## DATA BLOCK
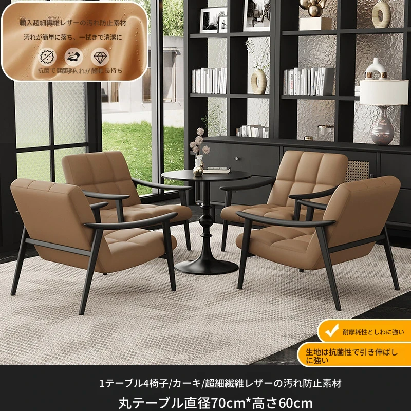 1テーブル4椅子【カーキ/超繊維皮革+丸テーブル70*60】
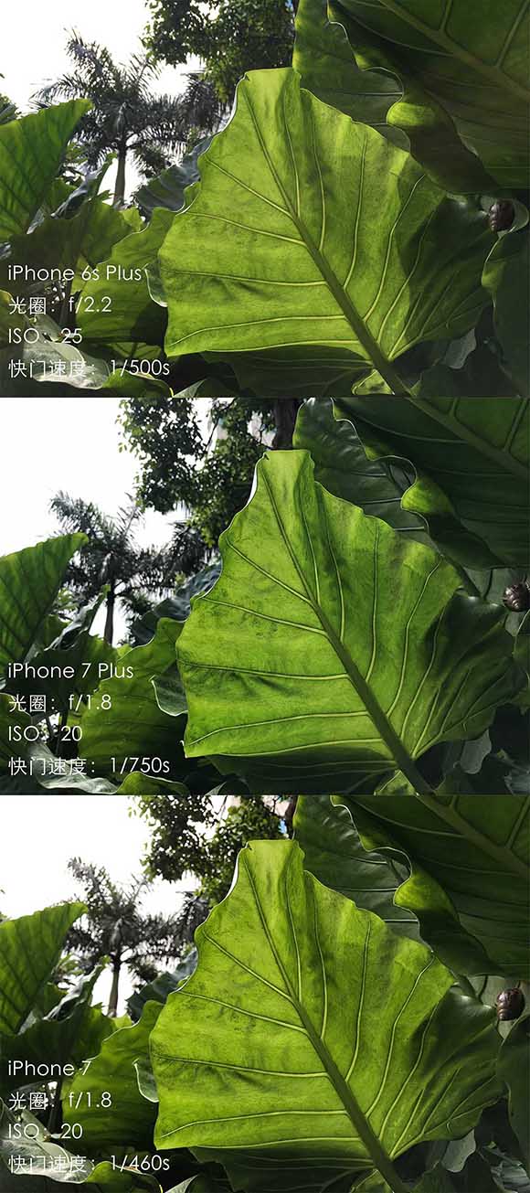 第二组样片。从绿叶的纹理可以看出,iPhone 7 Plus 的解析力、成像反差会比 iPhone 6s Plus 高出半档以上。更大的光圈,使得 iPhone 7 Plus 能有效地压缩曝光时间,减轻手抖对成像的影响。这对于习惯用手机来拍静物的用户,也算是个好消息。
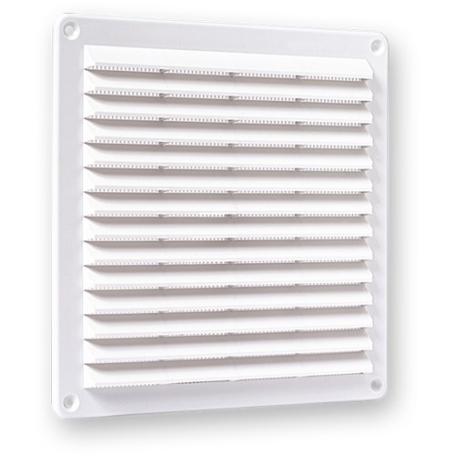 rejilla rectangular 230x230mm de superficie con red extraíble, fabricada en termoplástico color blanco.
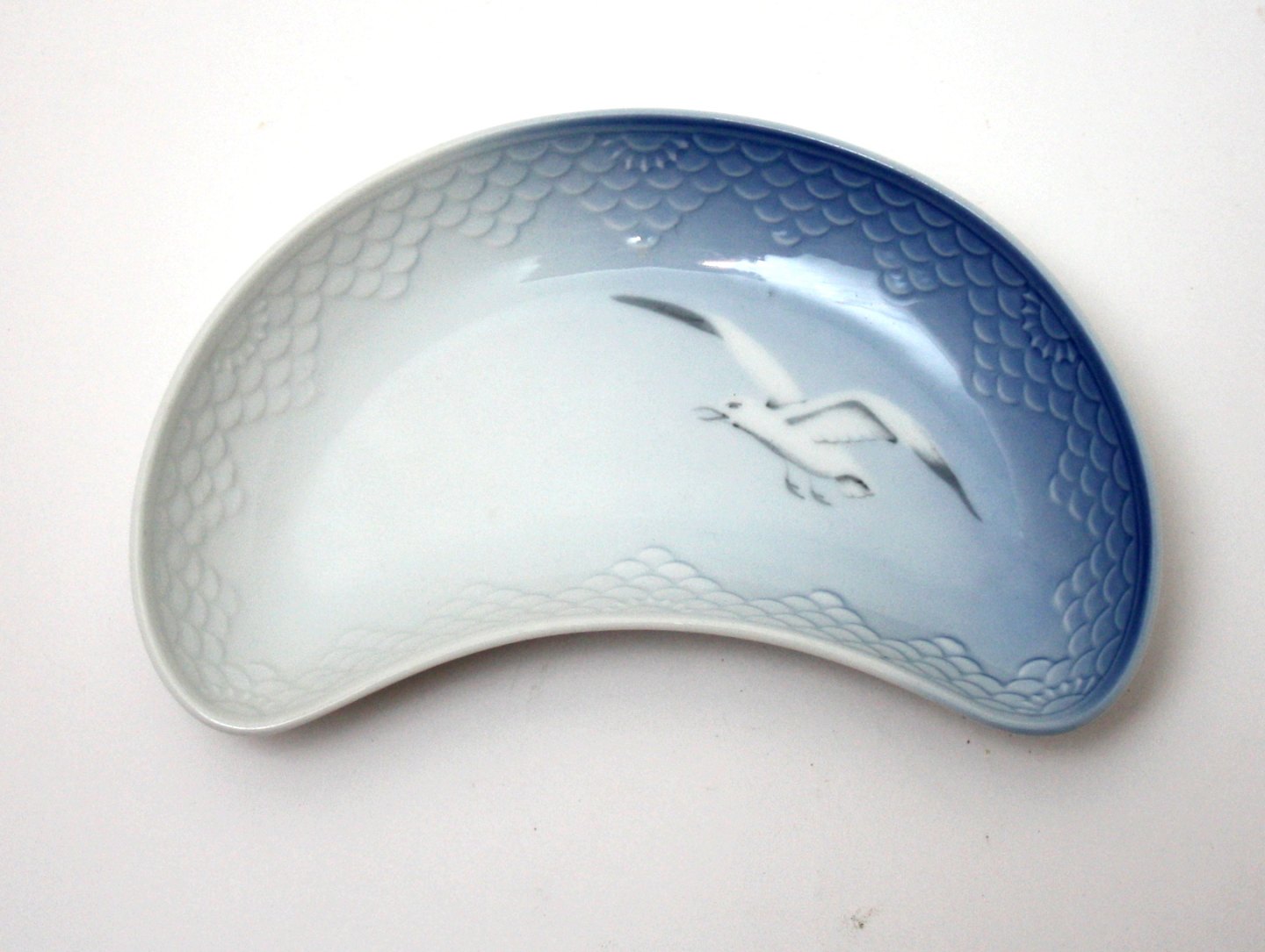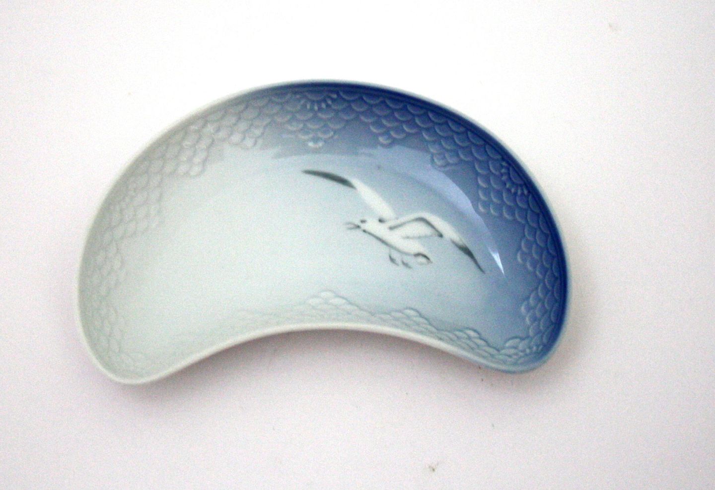Bing & Grøndahl, Mågestel uden guld, Halvmåneformet. Formnr. 41. 19 x 11,5 cm. II. sortering. Pris: SOLGT

## REQUIRED WORK
The lines to reproduce run from the one above containing "第二组样片。从绿叶的纹理可以看出,iPhone 7 Plus" through the one containing "rejilla rectangular 230x230mm". Copy them exactly and leave out all pictures.

## ANSWER FOR THE TASK
 第二组样片。从绿叶的纹理可以看出,iPhone 7 Plus 的解析力、成像反差会比 iPhone 6s Plus 高出半档以上。更大的光圈,使得 iPhone 7 Plus 能有效地压缩曝光时间,减轻手抖对成像的影响。这对于习惯用手机来拍静物的用户,也算是个好消息。
 rejilla rectangular 230x230mm de superficie con red extraíble, fabricada en termoplástico color blanco.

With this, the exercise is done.